Here, I discovered that stress is actually quite common in highly sensitive people. Consequently, they burnout a lot quicker than the regular Joe. There are a couple of reasons for that, which I would like to explain in this article.
There are tips and tricks to deal with chronic stress, which I will share with you. Next to that, you will learn how to lower the levels of cortisol in your body, which are a product of feeling chronically stressed-out.
Here’s What You’ll Discover:
What Is Stress?
Today, the term stress is actually an umbrella term. Stress is an English word and literally means ‘tension’ or ‘pressure’.
Stress is not necessarily negative, although the word is often used that way these days. It is usually automatically associated with work situations. But actually, stress is also possible in other situations, so also with fun things.
The following types of stress are most common:
- Work stress;
- Relationship stress;
- Holiday stress;
- Exam stress;
- Money stress;
- Anticipation stress;
- Memory stress;
- Post-traumatic stress.
Stress permeates all levels of existence. When someone feels stressed, it affects the body, thoughts and behavior. For this reason, the symptoms of stress are classified into three levels: physical, psychological and behavioral.
Factors For Experiencing Stress
Not everyone is equally sensitive to stress. This has to do with several factors:
External Factors Of Stress
People experience stress when they perceive something as threatening. This experience then feels threatening to their mental or physical well-being.
However, not everyone experiences the same stressful situation in the same way. This is because of the way they give meaning to a situation. This concerns the following characteristics:
- Extremity: Some events are more drastic than others. Some are so drastic that everyone experiences them as stressful. Think of wars, (nature)disasters or pandemics.
- Predictability: An event is more likely perceived as stressful if someone didn’t see it coming. You can prepare yourself for stressful events that show a certain regularity or that have been announced. This helps with the perceived stress level.
- Controllability: The stronger we feel that we have control over a situation, the less stressful we experience the event. Situations such as someone’s death, serious illness or dismissal cannot be controlled and are therefore experienced as very stressful.
- The extent to which self-image is tested: Events that require a great deal of adaptability can be extremely stressful. Examples include emigration, physical violence or (medical) gaslighting.
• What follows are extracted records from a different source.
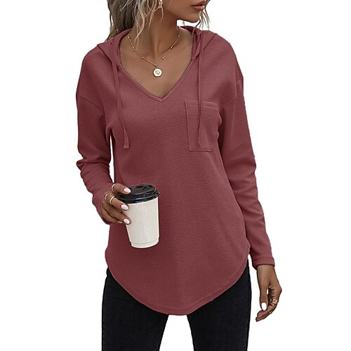 Per donna Blusa Tinta unica Elegante Casual Manica Lunga Scollo a V Top Regolari Quotidiano Tasca Verde militare Rosso Blu Verde Primavera Autunno Inverno
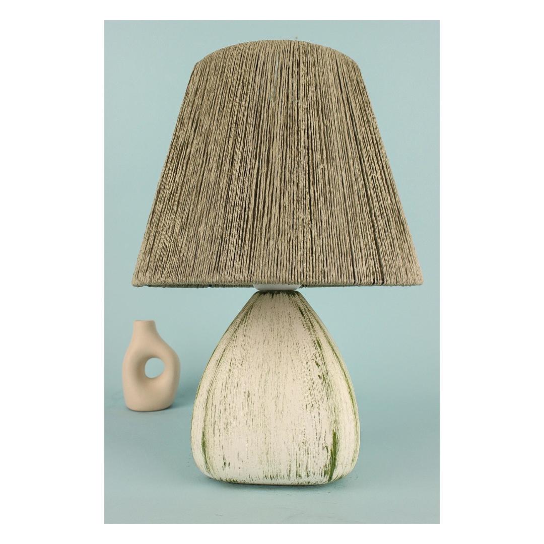 Illuminate your space with the enchanting glow of our Ceramic Table Lamp. This stunning piece features a beautifully crafted ceramic body in a soothing green hue, adding a touch of elegance to any room. The jute cap adds a natural and rustic element, creating a perfect balance of modern and organic design.
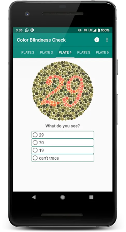 This application is based on Ishihara test plates for determining red-green color vision deficiency. According to a research approximately 8% of male are affected with color vision deficiency.
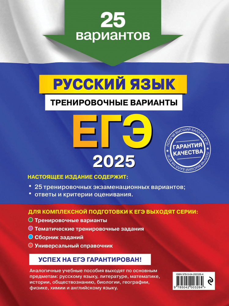 Издание предназначено для подготовки учащихся старших классов к ЕГЭ по русскому языку. Пособие включает 25 тренировочных вариантов, соответствующих структуре экзаменационной работы и составленных с учетом требований ЕГЭ, ответы к заданиям и критерии оценивания. Издание будет полезно учителям русского языка, так как дает возможность эффективно организовать учебный процесс и подготовку к экзамену.
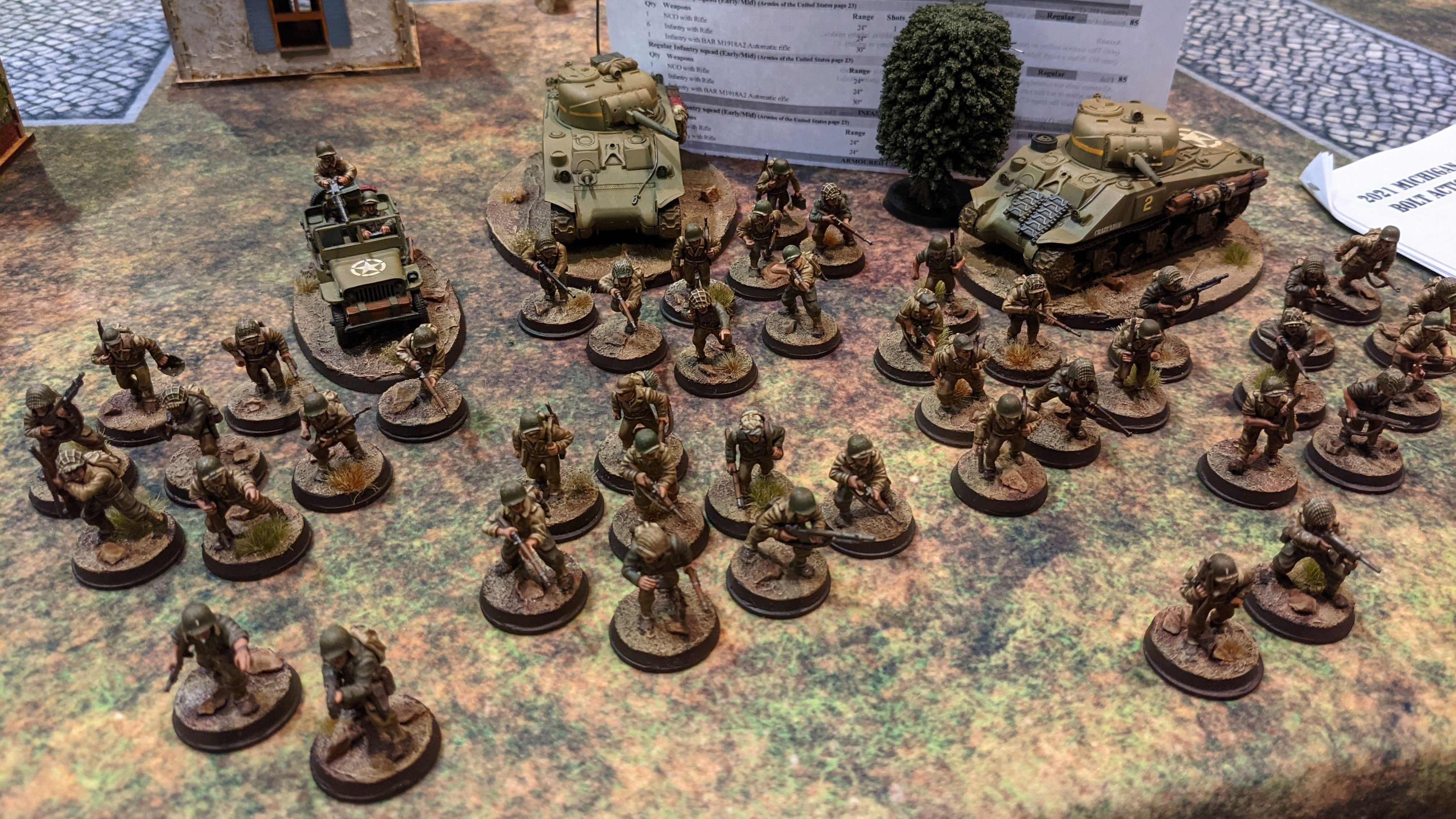 With the list restrictions in mind, I brought a force very different than what I would normally take to an event. What I landed on is this US Double Sherman army. This list was, without question, the most straight forward army I have ever played. There are no support teams, no indirect fire, no artillery, no tricks, nothing fancy. Just GIs, a Jeep, and two standard Sherman tanks – all Regs. My approach to each game was the same – Fire & Maneuver. This is basically a ‘rush’ list. Throw it all forward, blasting away as we go. And after three games, I really enjoyed it! There are a few tweaks I want to make (more BARs, add a Mortar) but the list worked much better than I thought it would.
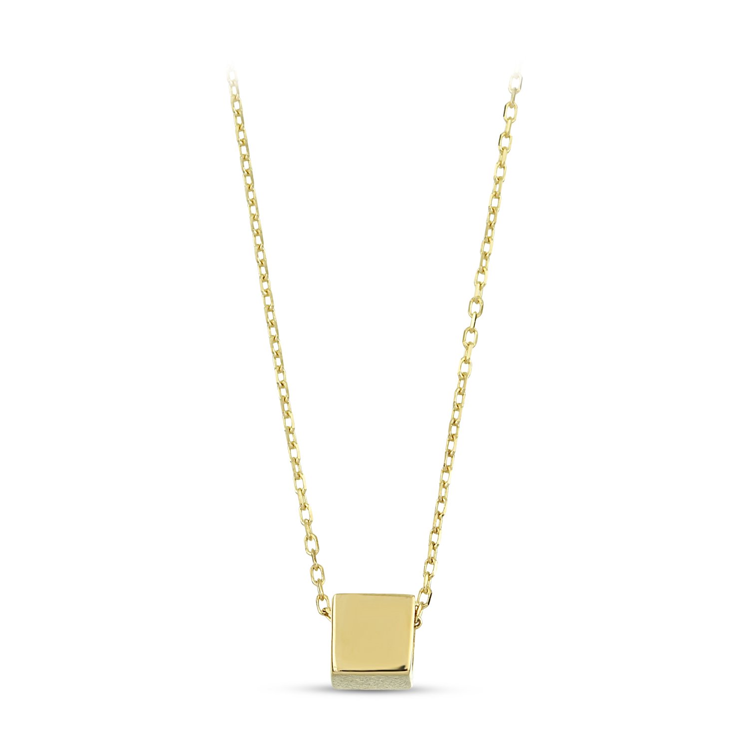 | Maden: Altın Renk: Sarı Ağırlık: 1.51 gr Ayar: 14K | Küp formu kolye. Dilerseniz ileride Küp formunun her yüzeyine bir harf yazdırabilir kolyenizi daha kişisel bir hale getirebilirsiniz. Küp hayatın her düzleminde farklı bir bakış açısı olduğunu simgeleyen bir semboldür. |
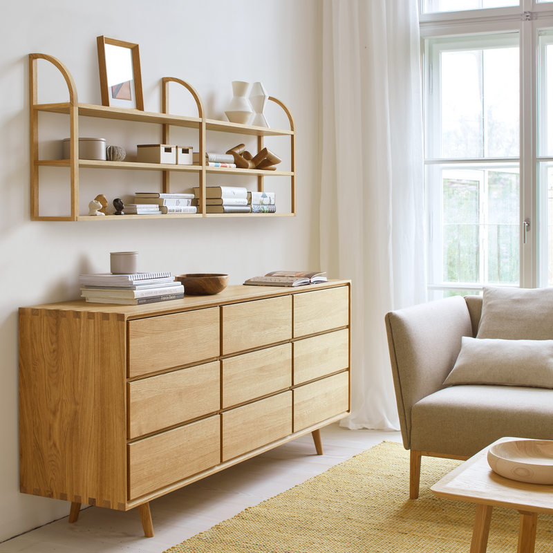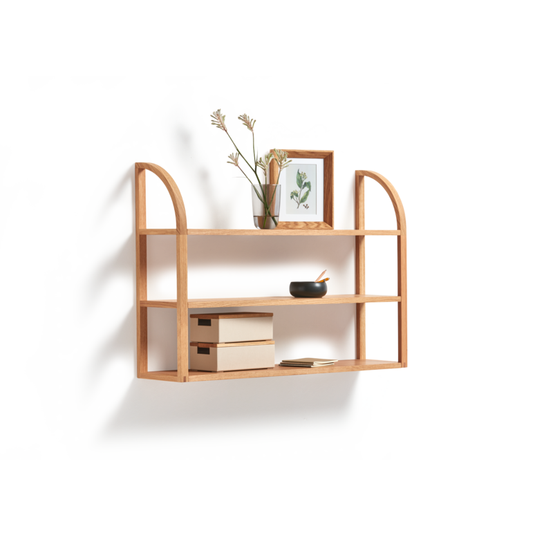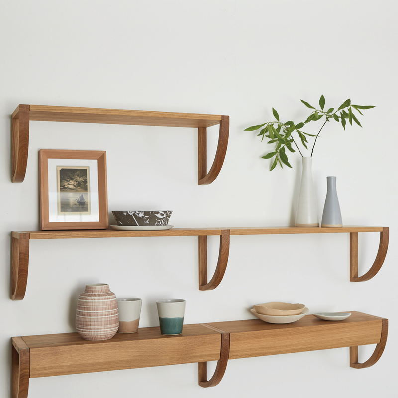 Ein ebenso elegantes wie funktionelles Wandregal für alle Wohnräume bis hin zur Garderobe, zum Ablegen und Abstellen oder als Bücherregal.

People often start to doubt themselves because of such situations, which can cause serious stress.
Next to these external factors, there are also some personal traits that can make a person more susceptible to stress.
Type A Versus Type B Characteristics:
Psychologists Meyer Friedman and Ray Rosenman have described two different behavioral styles in the past: type A and type B.
People of type A often have the same characteristics. They are:
- Ambitious.
- Goal oriented.
- Dominant.
- Aggressive.
- Rushed.
- Multi-taskers.
- Impatient.
- Talkers.
- Difficult relaxers.
- Doers.
Type B people also have similarities. They are often:
- Quiet.
- Thoughtful.
- Flexible.
- Attentive.
- Easy relaxers.
- More accepting with adversity.
- Dreamers.
You will probably notice the difference between the two types.
It is not strange to assume that type A will experience much more stress than type B. And it is.
However, it occurs rarely that someone is completely type A or type B. That is why people nowadays also talk about type C. People with type C combine characteristics of both.
For example, they are just as calm as type B, but they are also at risk of developing disorders like type A, because they sacrifice themselves too much and let everything happen too passively, for example.
Personality Traits
One way to look at somebody’s personality, is using the Big Five. This model consists of the five most important personality traits, why someone can score high or low. The Big Five looks at:
- Neuroticism vs Stability: How emotionally stable and adjusted someone is.
- Extraversion vs Introversion: How one is in relation to others.
- Openness to experience vs closeness: How someone experiences the world and whether someone uses their intelligence/creativity.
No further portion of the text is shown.